Beautiful. The word, spoken as softly as a sigh, still catches in Eve’s throat, though she hears it so often now she really ought to be used to it.
‘Maybe you should have a rest. You haven’t forgotten we have guests for dinner?’
The truth is, Henrietta is looking tired beneath her huge-brimmed straw hat, though the very fact of her being outside at all is progress of sorts, Eve supposes.
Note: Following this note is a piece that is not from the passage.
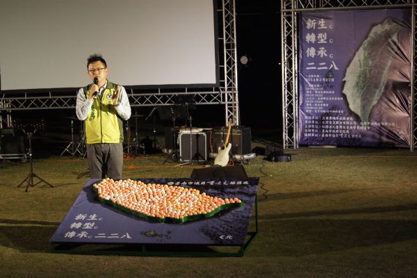 市議員李退之報告自己的二兒子在2月19日出生,因此萌生用紅蛋組成臺灣來代表「新生」概念。而今年的干支紀年又循環到甲午年,120年前的甲午年(1894年)因為清朝在甲午(日清)戰爭中戰敗,開啟了臺灣歷史上新頁、奠定了臺灣現代化基礎。但過去臺灣歷經多次統治者的轉變,當權者總是企圖抹去過往歷史。期望再一次的甲午年(2014年),所有臺灣人能夠一起承擔起二二八事件的傷痛、正視這座美麗島嶼的歷史,並共同以正面態度思索臺灣的未來、讓臺灣獲得新生。
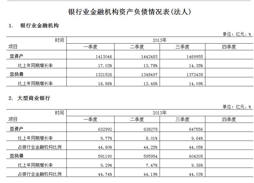 截至三季度末,銀行業(yè)金融機(jī)構(gòu)總資產(chǎn)為1469955億元,同比增長(zhǎng)14.35%,總負(fù)債為1372438億元,同比增長(zhǎng)14.09%。

She still has to be careful to shield herself from direct sunlight, a result of all those years at the asylum being kept indoors, listening to the sounds of the male inmates working outside. Skin pale and thin as a fly’s wings.
‘I haven’t forgotten.’ That soft voice, faint from years of disuse. ‘Oh, but remind me again who is coming. I know we have that high and mighty friend of yours.’
Eve laughs. ‘Gloria Hayes is the least high and mighty person I’ve ever met, as I keep telling you. She’s just famous, is all. And that’s not the same thing.’
It will be the first time Eve has set eyes on Gloria in the flesh since their goodbye in the back of that car on the way to the airport, although of course she’s seen her in magazines and in the new film that has just come out to rapturous reviews. When Eve heard Gloria was coming to Cannes for the film festival – in September this year, though there is talk of moving it to June – she’d assumed her schedule would be far too hectic to allow for social calls, but then had come the message via Bernard. Coming to see you on the evening of the 11th whether you like it or not. Movie people are the dullest people on earth. Save me!
This last film, written specifically as a vehicle for her by renowned novelist Stanley Sullivan, has already broken box office records, but Eve remembers how people turned on Gloria after the very public collapse of her short-lived marriage to Laurent Martin, and understands she still has a lot of ground to make up to regain her pedestal. But then maybe she’s had enough of all that. Even adulation must get tiresome, Eve supposes.